1 The SGR formula. This fundamentally flawed formula links reimbursement rates to increases in the gross domestic product (GDP). Because spending on physician services has grown faster than increases in GDP, the formula has called for cuts in reimbursement each year for most of the past decade. In 2012, the SGR formula calls for nearly a 30% cut to physician reimbursement. Each year, Congress has passed a “doc fix,” pushing those cuts down the road. Once again, a similar “fix” is expected by year’s end. However, these continual lastminute “fixes” make future planning and investment difficult for practices that cannot know when, or if, another short-term fix is going to happen. The Association of Community Cancer Centers (ACCC) continues to work with the Centers for Medicare & Medicaid Services (CMS) and Congress to ensure physicians do not see these significant cuts.

 

2  The prompt-pay discount included in the calculation of ASP. ACCC is fighting to remove these customary prompt-pay discounts, which are extended by manufacturers to distributors, from the manufacturers’ calculation of the ASP for Part B drugs and biologicals. These discounts typically are not passed on to the physician purchasing the product. ACCC supports S.733 and HR.905, 2 pieces of companion legislation that would remove the prompt-pay discount from the ASP calculation, aligning Medicare reimbursement methodology with Medicaid methodology. Medicaid methodology excludes these discounts from the calculation of average manufacturers price (AMP), ensuring fair and accurate reimbursement for physicians and clinics. Thanks in part to the hard work of ACCC members, the bills are gaining bipartisan support in both the House and Senate.

 

Congress considering cuts in Medicare reimbursement. Most urgently, Congress recently finalized the members of the bicameral, bipartisan debt reduction “super” committee, which was created by the debtceiling compromise signed into law by President Obama in August. This joint committee has until Thanksgiving to find at least $1.5 trillion in deficit savings over 10 years for an up-or-down vote in both chambers by Christmas 2011.

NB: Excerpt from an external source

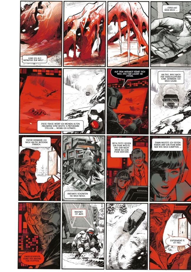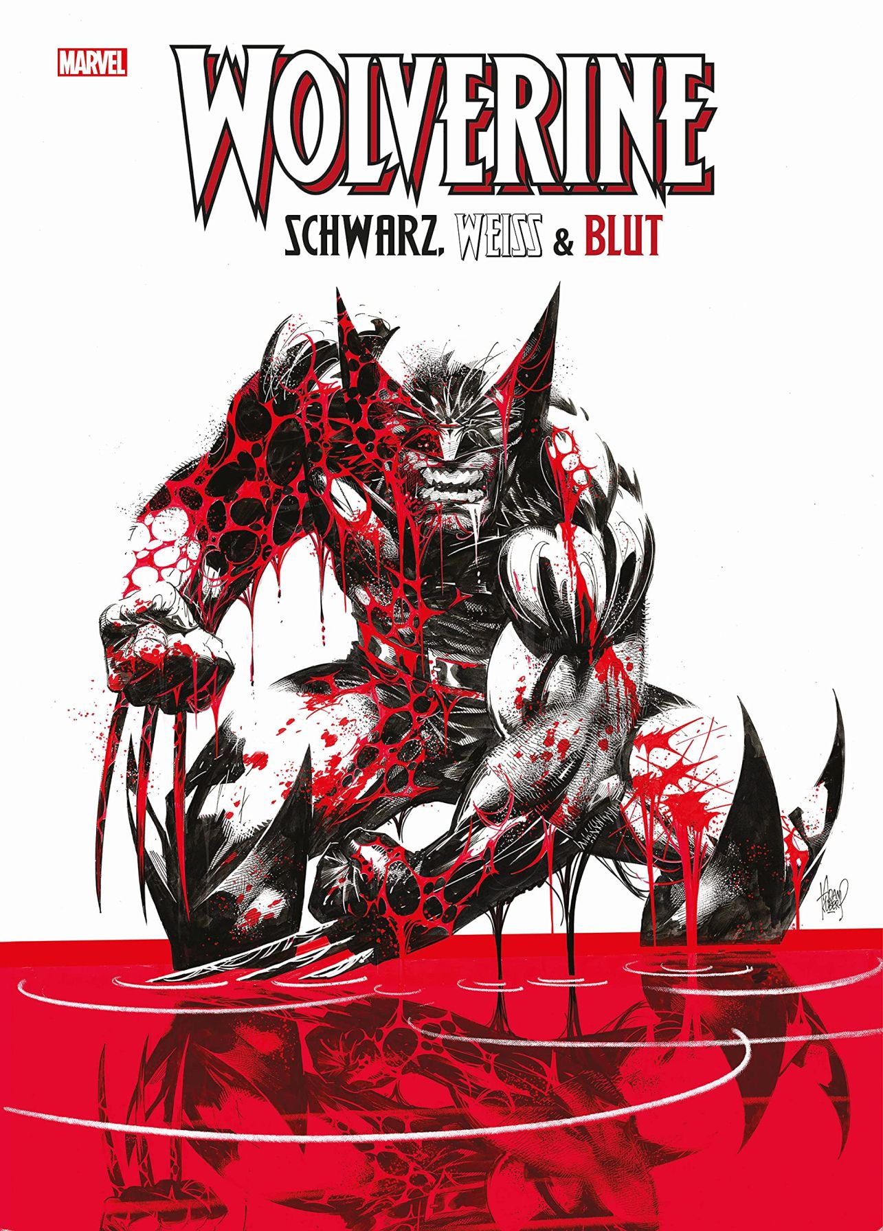 „Wolverine: Schwarz, Weiß & Blut“ wurde als Miniserie von Kurzgeschichten konzipiert und kam in den USA gerade erst im Frühjahr auf den Markt. In vier US-Ausgaben wurden pro Ausgabe jeweils drei Short Stories aus der Wolverine-Mythologie erzählt und in stilvollem Schwarz-Weiß illustriert und mit knalligem Rot aufgepeppt.

This is of concern to all cancer care providers because Medicare reimbursement is looking at significant cuts. President Obama has been very clear that when he envisions cuts to Medicare, he does not see changes in coverage for beneficiaries, he sees provider-side cuts. It appears that the committee is looking at provider-side cuts as well—somewhere in the range of a 2% reduction. And these cuts will be in addition to projected cuts of almost 30% resulting from the SGR formula.

Although these hurdles are significant, ACCC will continue to work until they are overcome. For example, ACCC has worked with congressional offices, held Hill Day events for its members, sponsored congressional briefings on issues affecting its membership, and submitted comments to CMS on the recent Hospital Outpatient Prospective Payment System and Medicare Physician Fee Schedule 2012 proposed rules.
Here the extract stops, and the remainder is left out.